(Source: The Miami Herald)

By Martha Brannigan, Monica Hatcher and Amy Sherman, The Miami Herald
Sep. 25--Like many American retirees, Gerry Lackey is fretting over how the turmoil in the financial markets will crimp his plans.
The retired lawyer, who counts on savings and investments for about half his income, has watched in dismay as major stock markets plummeted about 19 percent this year. "I don't know if I have enough years to allow the market to come back."
Retirees like Lackey, 69, who depend on investment income to help buy groceries and pay the bills, are among the most vulnerable groups scrambling for cover in the current market upheaval. South Florida, with its wealth of retirees, may suffer disproportionately because of its large number of older souls whose financial well being is closely tied to Wall Street.
"This whole debacle is so much harder on older people -- approaching retirement and those in retirement," said Alicia Munnell, director of the Center for Retirement Research at Boston College. "They're jammed: They don't have the time and space to bounce back like someone in their 30s or 40s."
South Florida financial advisors and estate and trust attorneys say they are fielding numerous inquiries from nervous seniors.

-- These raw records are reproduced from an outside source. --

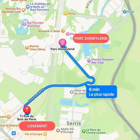 Le Parc Disneyland est situé à à côté de l'appartement. Le centre de Chessy est à 3 km de la résidence. Le château de la Belle au Bois Dormant est à seulement 1,1 km.
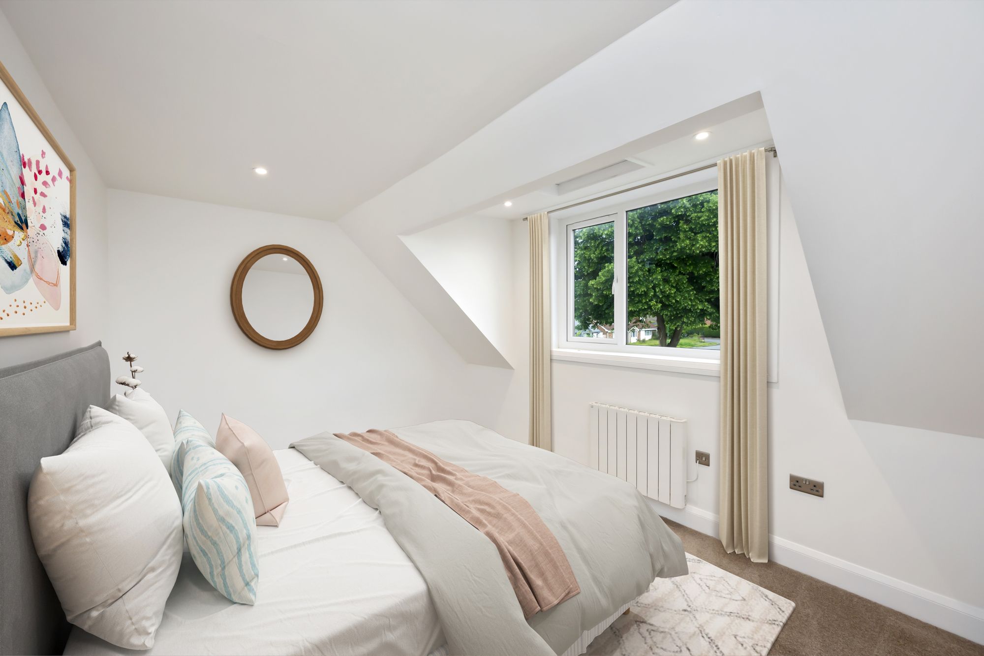 Upstairs, the further two double bedrooms, one of which boasts a large picture window overlooking the living space, and a main bathroom fitted with both shower cubicle and fitted freestanding bathtub ready for those relaxing bubble bath evenings, perfectly complimented by a glazed tile wall in a herringbone pattern, and finishing the room is the wc. and separate wash basin vanity unit with mirror above.
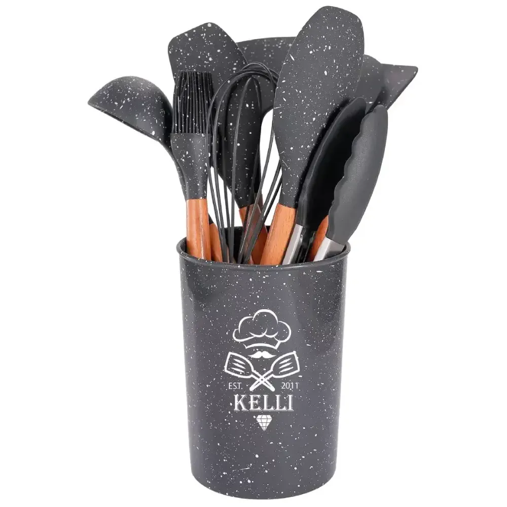 Набор кухонных принадлежностей KELLI KL-01123 в подставке для хранения - идеальный аксессуар на любой кухне и отличный подарок каждой хозяйке. В набор входит 10 предметов из бамбука и силикона, а также подставка из пластика.
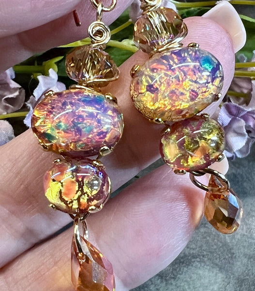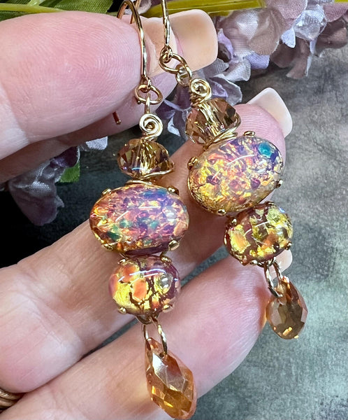 Pink, Red, and Gold, Opal Dangle Earring, Vintage Swarovski Crystal handmade Earrings, made to order in Sterling Silver or 14K GF, (shown in 14K GF)
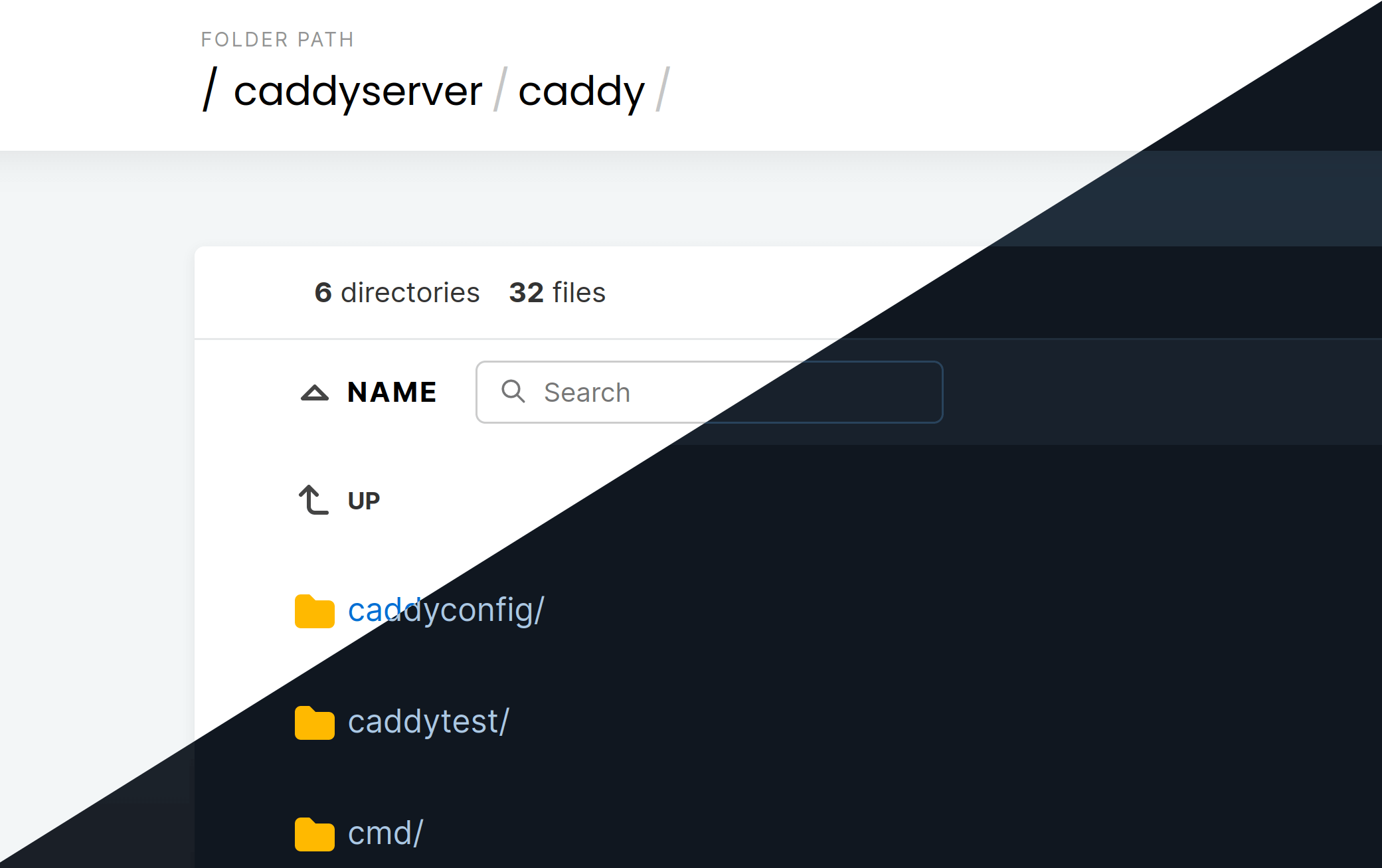 If a directory without an index file is requested, Caddy can show an elegant file browser with breadcrumb nav, file size visualizations, filetype icons, and a grid view.
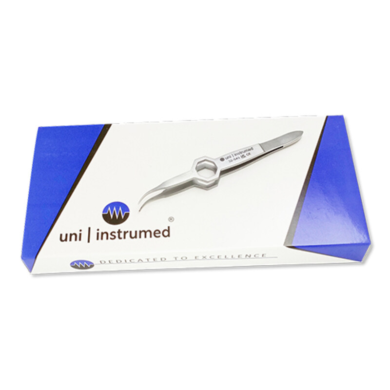 Die Pinzetten sind in verschiedenen Ausführungen erhältlich: gerade oder gekrümmt, mit glatter Spitze, serrierter Spitze oder mit Zahnprofil (1x2).
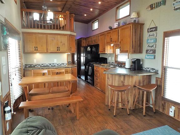 Spacious 2016 Kropf, Lake Series Park Model, located in Smugglers Cove. Inside you'll find everything you need to make this your home away from home. Spacious living room with sleeper sofa, galley style kitchen with full size appliances, one private bedroom, Loft area with a bed and a super loft perfect for an additional sleeping area or storage. Outside features include your own custom storage barn or party house, concrete patio for additional seating, fire pit and outside entertaining. Make an appointment to view this Indian Lake property today. Park is seasonal.. open for use from April 15th - the last weekend of October. Lot Rent is $2,200 per year. Option for dock for an additional fee, once one becomes available. Please visit the Smuggler's Cove Website for more detailed Park Info http://www.smugglerscoverv.com/
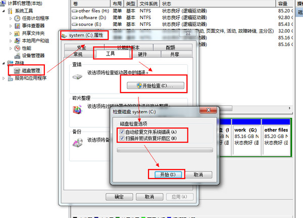 逻辑损坏(软件及系统原因):右键计算机--管理--磁盘管理--选择卷符(如C盘)右键属性--工具--开始检查,都勾选上,这样对每个盘符进行修复:
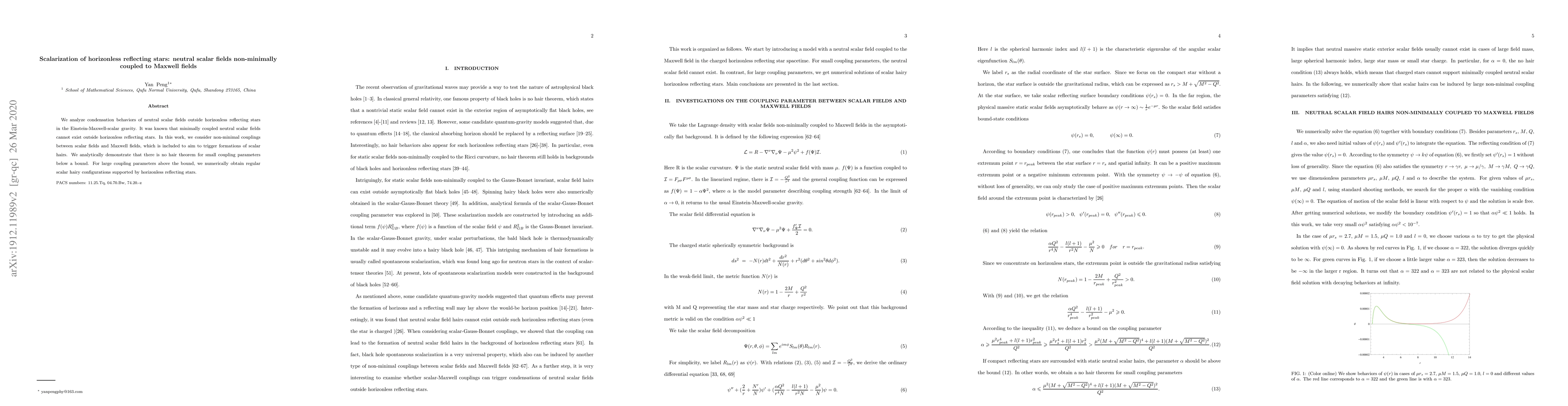 We analyze condensation behaviors of neutral scalar fields outside horizonless reflecting stars in the Einstein-Maxwell-scalar gravity. It was known that minimally coupled neutral scalar fields cannot exist outside horizonless reflecting stars. In this work, we consider non-minimal couplings between scalar fields and Maxwell fields, which is included to aim to trigger formations of scalar hairs. We analytically demonstrate that there is no hair theorem for small coupling parameters below a bound. For large coupling parameters above the bound, we numerically obtain regular scalar hairy configurations supported by horizonless reflecting stars.
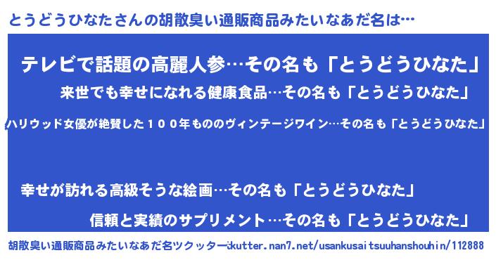 | 意味不明あだ名 | 『住所不定無職とうどうひなた(11歳)』 |
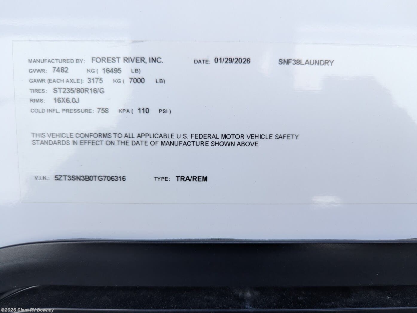 - VIN5ZT3SN3B0TG706316

"There is a high degree of concern," said Michael A. Dribin, head of the estate planning and trusts practice group at law firm Broad and Cassel in Miami. "They may not be working anymore, and so are not in a position to put new funds into their savings."
TOUGH POSITION
Experts say many older folks were already poorly positioned for their golden years, as 401(k)s and IRAs, or Individual Retirement Accounts, have replaced traditional fixed retirement plans that dole out monthly checks.
According to AARP, only 20 percent of U.S. workers are covered by old-style defined-benefit retirement plans. That means most people are left to fend for themselves: They have to look to 401(k)s and IRAs for their nest egg.
The rub is many people haven't made adequate contributions to the voluntary plans. On top of that, a lot of people have tapped their IRAs and 401(k)s indiscriminately to pay for everyday expenses, luxury purchases or vacations.
"The balances were already modest," Munnell said. "Now, to have them hit by this storm is just a death blow."
Even before the current crisis, a key problem was people thought they could retire sooner than was realistic, experts say. "Too many people retire too early. They thought the market was going to generate 10 percent to 15 percent a year," said Margaret Starner, senior vice president and financial planner with Raymond James in Coral Gables.